## Problem to solve
The listing below holds pictures; exclude them. Return exactly the lines from the one with "Activación Energética KUNDALINI" through the one with "Visit Proof |".

** Records provided follows **

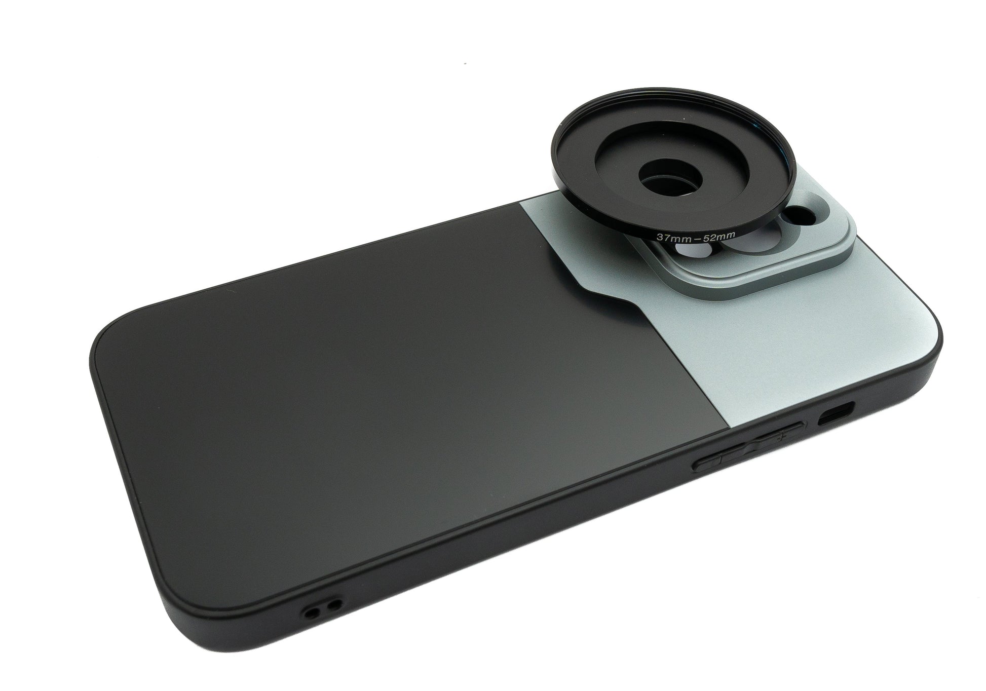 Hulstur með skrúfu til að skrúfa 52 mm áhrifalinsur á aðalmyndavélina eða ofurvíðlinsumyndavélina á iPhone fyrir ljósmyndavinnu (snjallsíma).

** End of Records provided **
** Records provided follows **

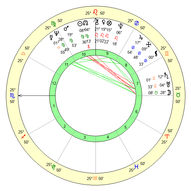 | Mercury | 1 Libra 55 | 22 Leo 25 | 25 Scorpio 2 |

** End of Records provided **
** Records provided follows **

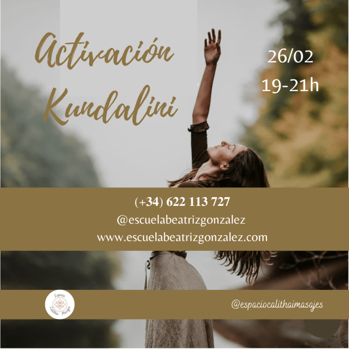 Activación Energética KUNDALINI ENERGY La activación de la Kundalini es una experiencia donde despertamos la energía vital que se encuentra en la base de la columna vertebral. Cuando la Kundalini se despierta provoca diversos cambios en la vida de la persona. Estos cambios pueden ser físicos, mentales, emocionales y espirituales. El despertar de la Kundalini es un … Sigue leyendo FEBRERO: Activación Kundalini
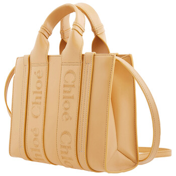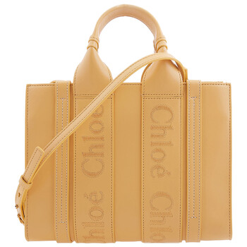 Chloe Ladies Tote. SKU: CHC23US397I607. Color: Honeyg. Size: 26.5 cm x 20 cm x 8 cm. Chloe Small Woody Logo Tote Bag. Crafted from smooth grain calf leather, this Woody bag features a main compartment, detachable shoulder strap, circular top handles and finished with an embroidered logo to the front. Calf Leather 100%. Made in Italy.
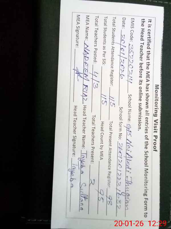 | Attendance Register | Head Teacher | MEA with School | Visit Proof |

** End of Records provided **

## Task response
 Activación Energética KUNDALINI ENERGY La activación de la Kundalini es una experiencia donde despertamos la energía vital que se encuentra en la base de la columna vertebral. Cuando la Kundalini se despierta provoca diversos cambios en la vida de la persona. Estos cambios pueden ser físicos, mentales, emocionales y espirituales. El despertar de la Kundalini es un … Sigue leyendo FEBRERO: Activación Kundalini
 Chloe Ladies Tote. SKU: CHC23US397I607. Color: Honeyg. Size: 26.5 cm x 20 cm x 8 cm. Chloe Small Woody Logo Tote Bag. Crafted from smooth grain calf leather, this Woody bag features a main compartment, detachable shoulder strap, circular top handles and finished with an embroidered logo to the front. Calf Leather 100%. Made in Italy.
 | Attendance Register | Head Teacher | MEA with School | Visit Proof |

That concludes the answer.